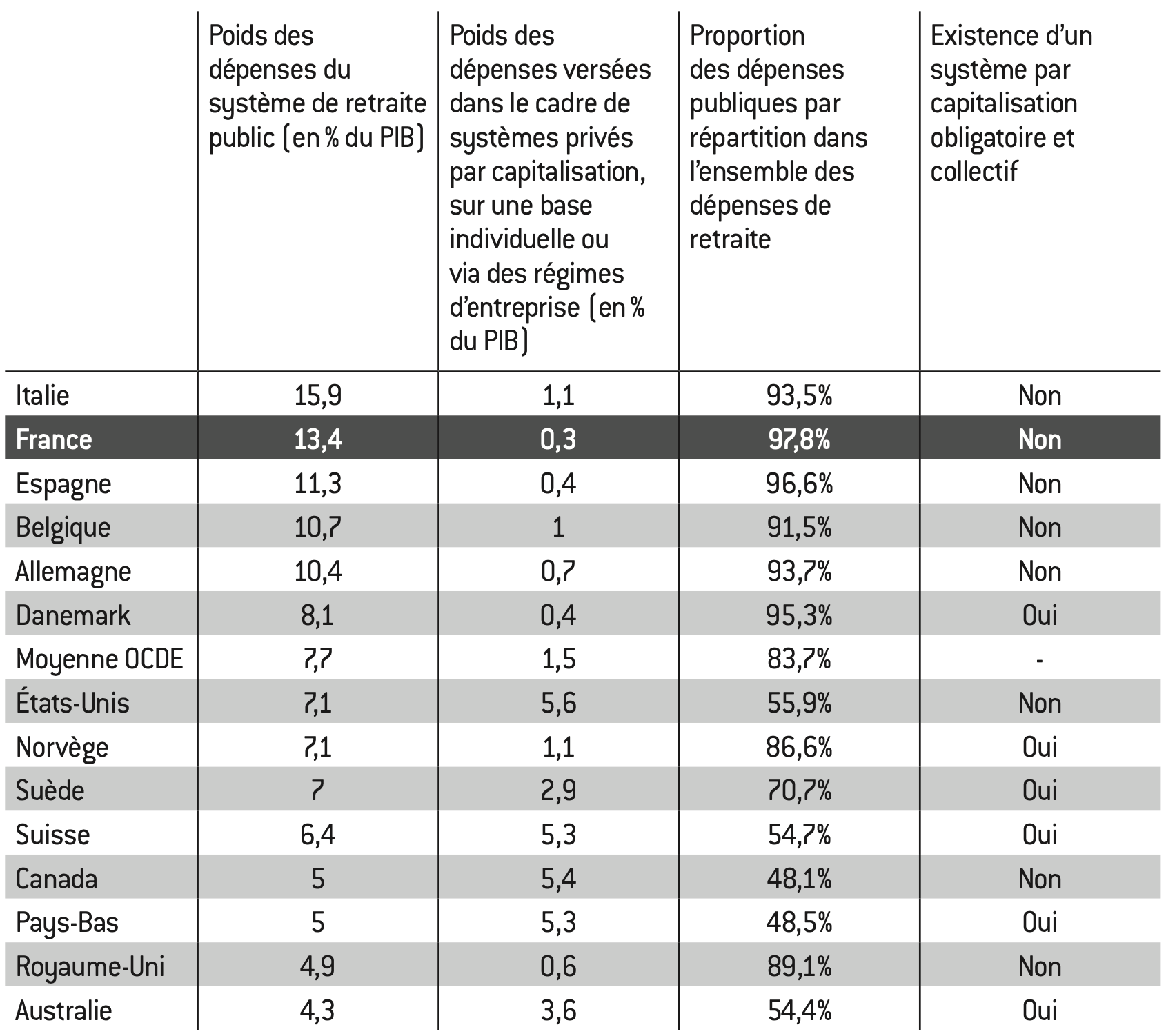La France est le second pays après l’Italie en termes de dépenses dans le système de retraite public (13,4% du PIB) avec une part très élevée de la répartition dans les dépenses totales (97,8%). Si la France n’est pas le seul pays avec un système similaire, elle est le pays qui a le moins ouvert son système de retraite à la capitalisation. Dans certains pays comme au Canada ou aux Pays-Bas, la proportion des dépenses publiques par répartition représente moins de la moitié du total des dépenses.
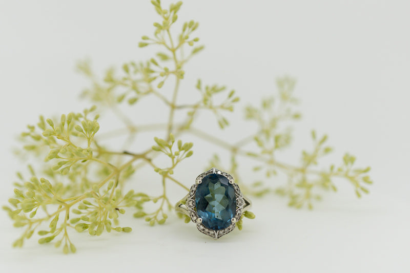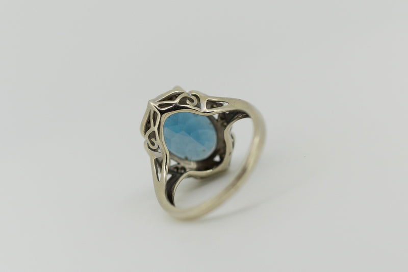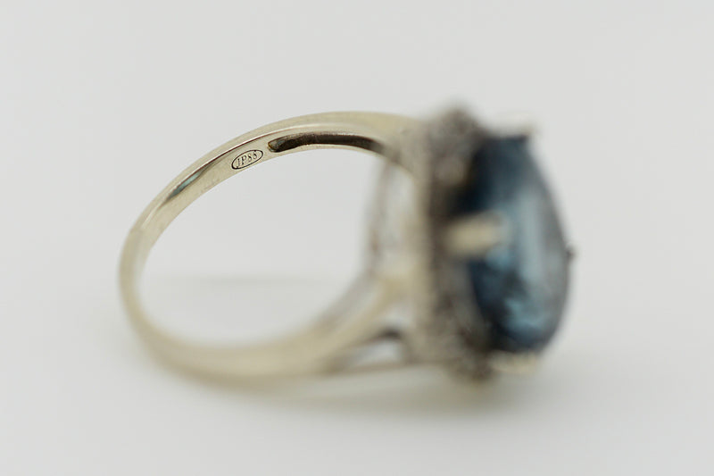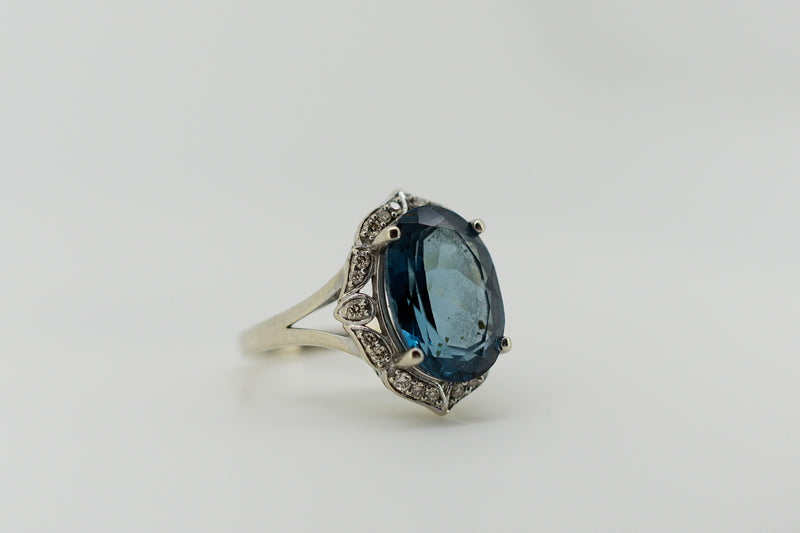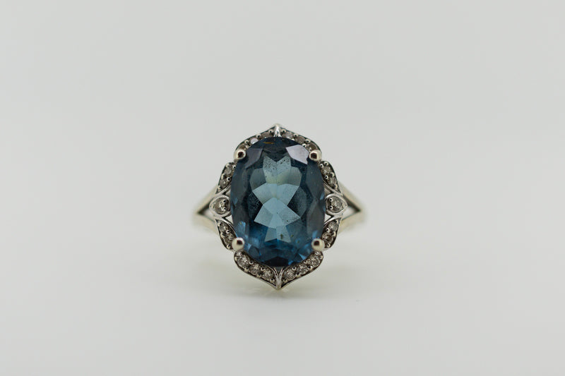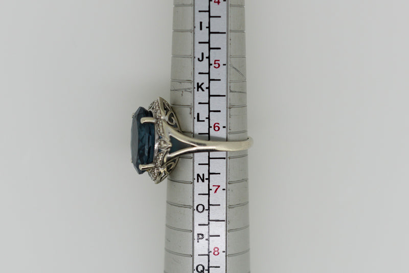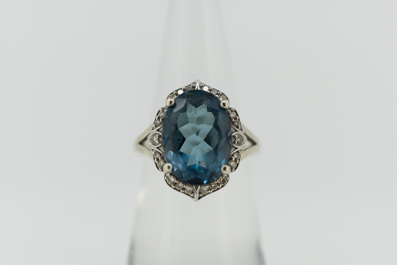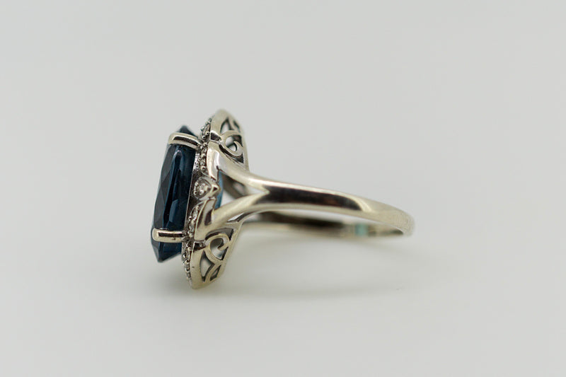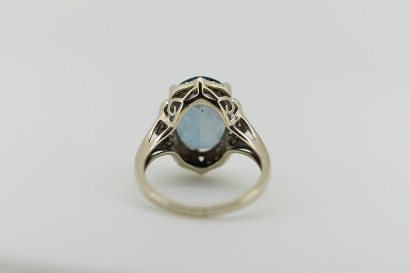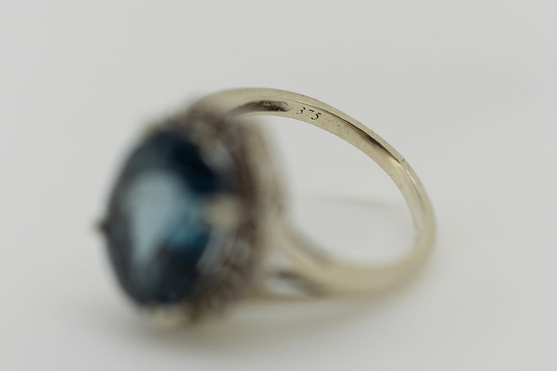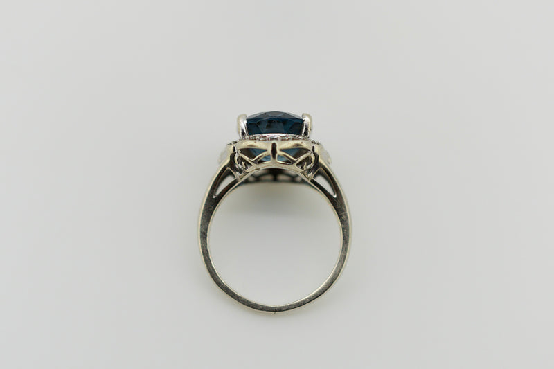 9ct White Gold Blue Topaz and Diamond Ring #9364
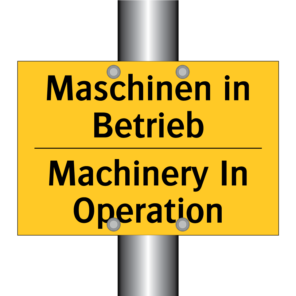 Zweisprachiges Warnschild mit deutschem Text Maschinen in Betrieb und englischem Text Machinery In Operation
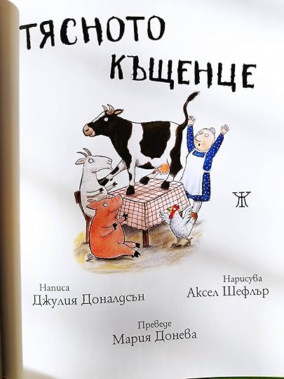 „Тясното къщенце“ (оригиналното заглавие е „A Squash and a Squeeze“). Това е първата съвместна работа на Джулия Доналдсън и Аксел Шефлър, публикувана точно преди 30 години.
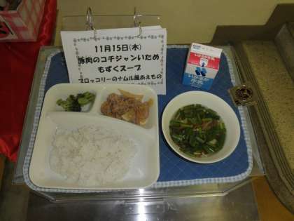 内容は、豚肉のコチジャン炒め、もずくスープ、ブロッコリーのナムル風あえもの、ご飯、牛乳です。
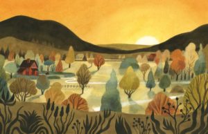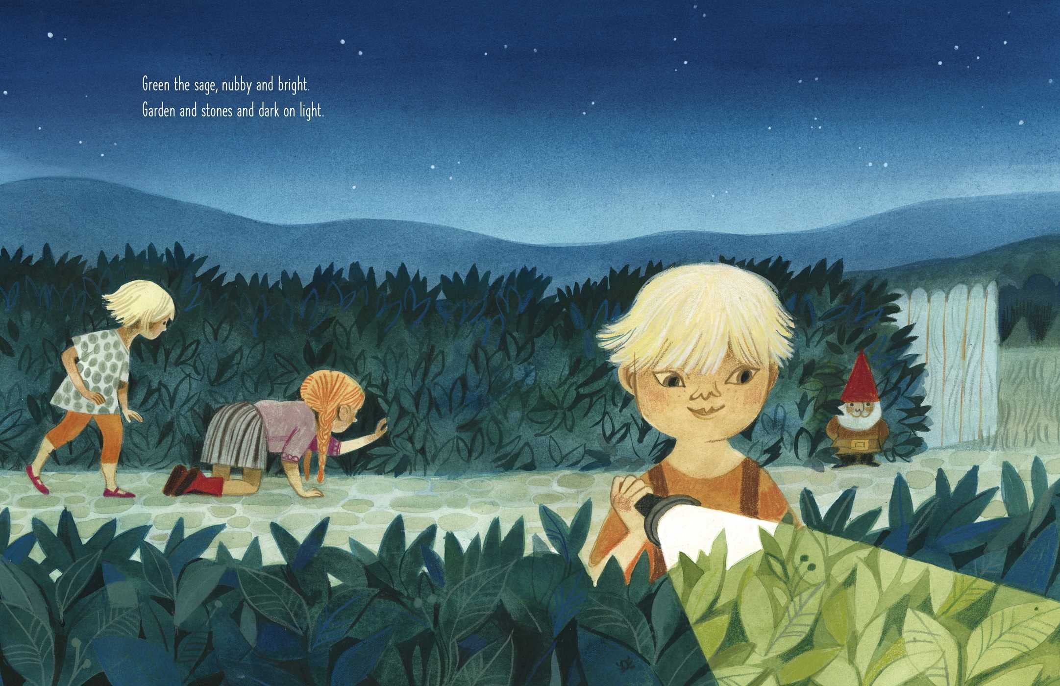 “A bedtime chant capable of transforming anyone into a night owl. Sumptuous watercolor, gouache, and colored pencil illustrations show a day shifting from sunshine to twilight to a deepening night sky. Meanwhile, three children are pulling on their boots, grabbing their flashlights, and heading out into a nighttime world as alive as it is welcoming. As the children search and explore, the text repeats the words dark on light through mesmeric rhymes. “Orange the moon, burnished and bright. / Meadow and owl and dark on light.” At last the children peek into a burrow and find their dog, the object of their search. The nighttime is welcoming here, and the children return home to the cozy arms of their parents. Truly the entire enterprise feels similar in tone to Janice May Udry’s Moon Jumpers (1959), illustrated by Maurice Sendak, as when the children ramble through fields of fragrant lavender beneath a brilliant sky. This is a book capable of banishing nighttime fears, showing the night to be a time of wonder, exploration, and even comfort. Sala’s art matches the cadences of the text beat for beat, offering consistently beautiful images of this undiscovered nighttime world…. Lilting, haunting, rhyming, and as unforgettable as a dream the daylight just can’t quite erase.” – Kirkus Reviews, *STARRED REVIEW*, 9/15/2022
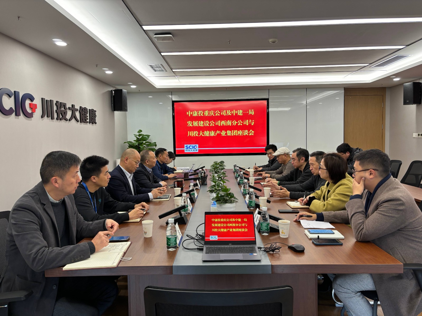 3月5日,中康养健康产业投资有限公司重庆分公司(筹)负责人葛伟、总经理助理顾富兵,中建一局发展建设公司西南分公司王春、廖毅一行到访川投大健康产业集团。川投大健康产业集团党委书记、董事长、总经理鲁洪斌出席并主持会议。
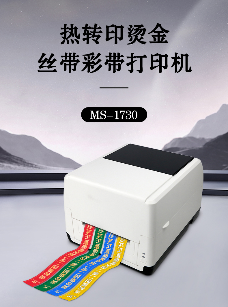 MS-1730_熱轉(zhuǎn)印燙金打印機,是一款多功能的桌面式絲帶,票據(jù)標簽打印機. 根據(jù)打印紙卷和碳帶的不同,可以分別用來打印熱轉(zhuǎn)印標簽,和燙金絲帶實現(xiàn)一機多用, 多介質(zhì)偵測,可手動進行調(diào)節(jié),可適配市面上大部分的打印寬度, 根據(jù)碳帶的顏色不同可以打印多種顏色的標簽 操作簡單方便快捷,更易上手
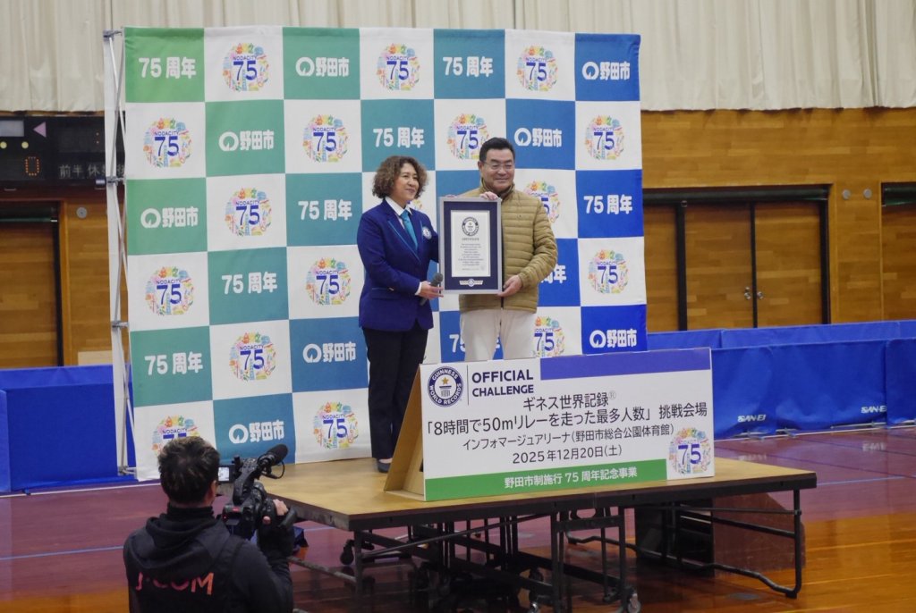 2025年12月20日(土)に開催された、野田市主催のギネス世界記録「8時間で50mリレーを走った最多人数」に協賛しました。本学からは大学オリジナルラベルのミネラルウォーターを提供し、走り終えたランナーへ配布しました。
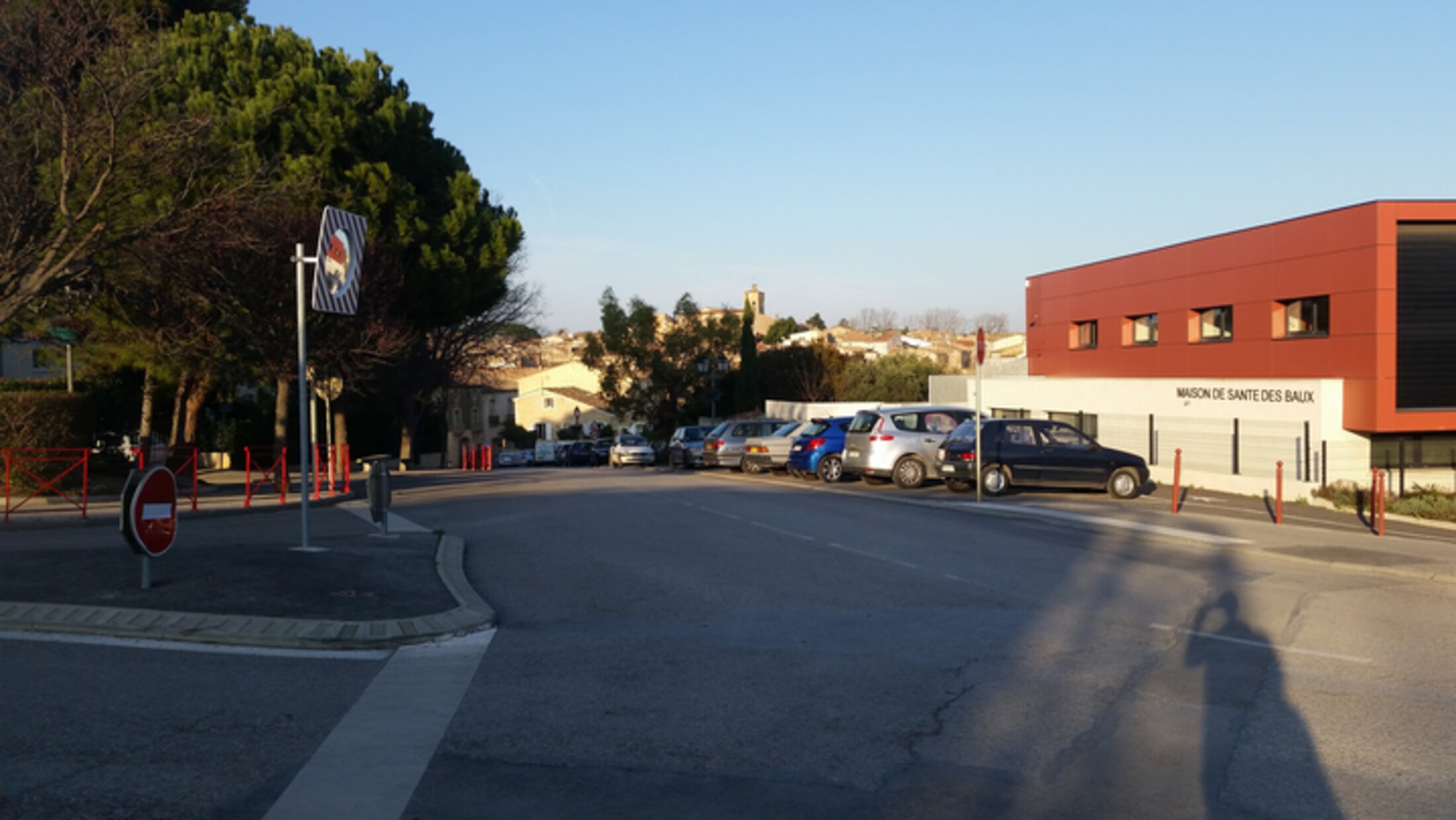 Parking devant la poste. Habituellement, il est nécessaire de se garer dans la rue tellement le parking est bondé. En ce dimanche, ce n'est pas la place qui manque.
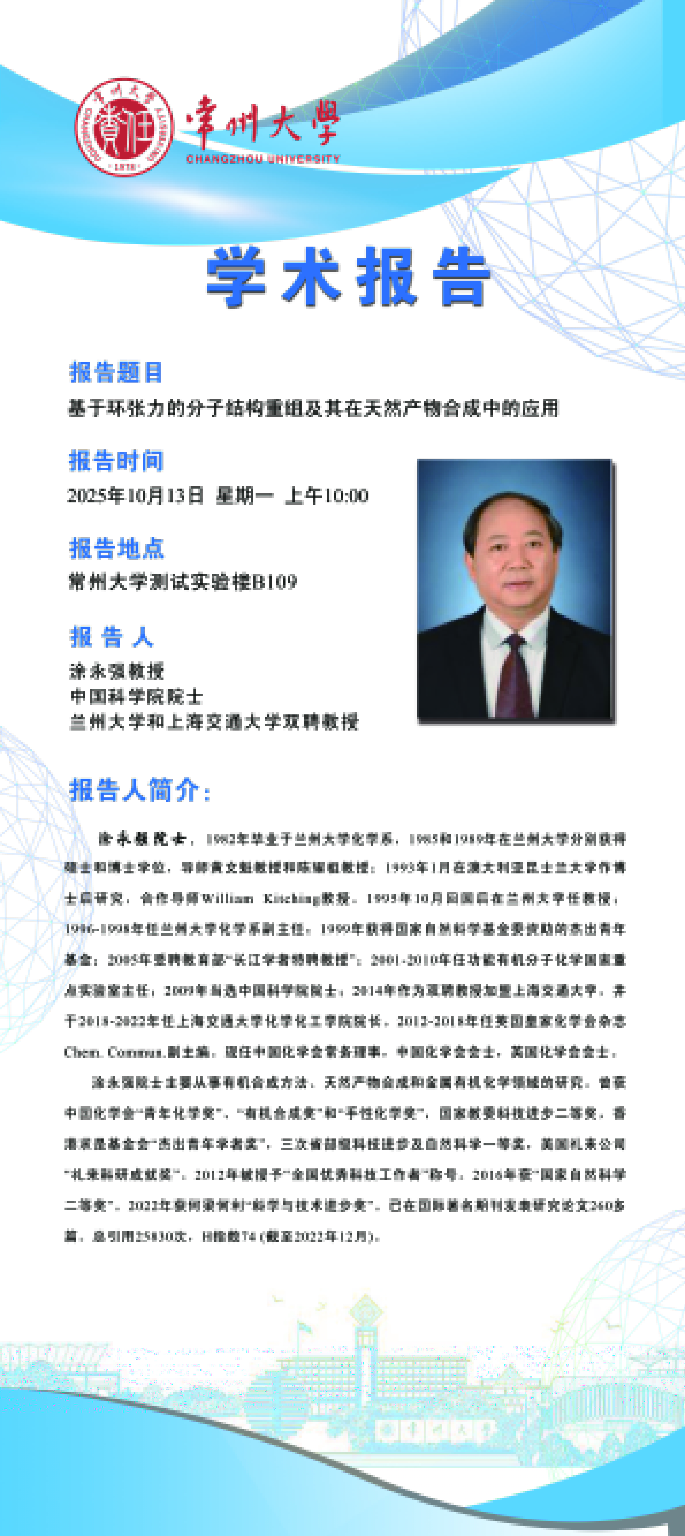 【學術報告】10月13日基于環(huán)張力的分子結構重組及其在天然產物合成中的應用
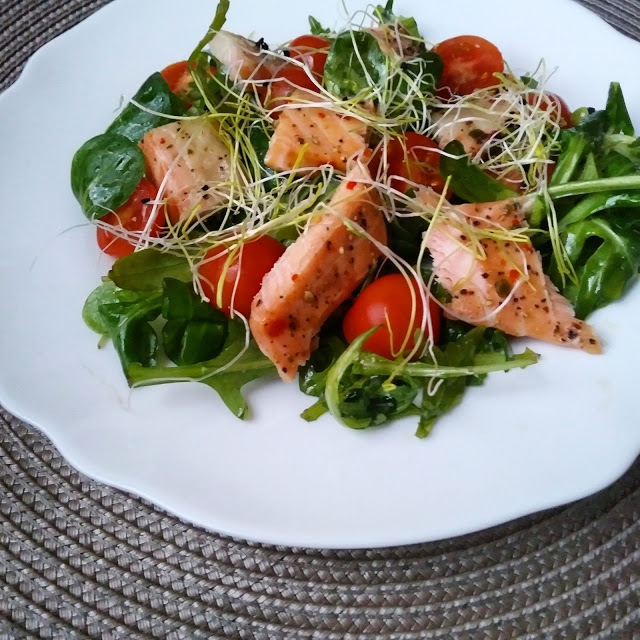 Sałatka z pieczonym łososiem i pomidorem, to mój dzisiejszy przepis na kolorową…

Assignment: Do not include the pictures. Quote only the lines from the line with "Parking devant la" through the end of the material, both ends included, exactly.

Task answer:
 Parking devant la poste. Habituellement, il est nécessaire de se garer dans la rue tellement le parking est bondé. En ce dimanche, ce n'est pas la place qui manque.
 【學術報告】10月13日基于環(huán)張力的分子結構重組及其在天然產物合成中的應用
 Sałatka z pieczonym łososiem i pomidorem, to mój dzisiejszy przepis na kolorową…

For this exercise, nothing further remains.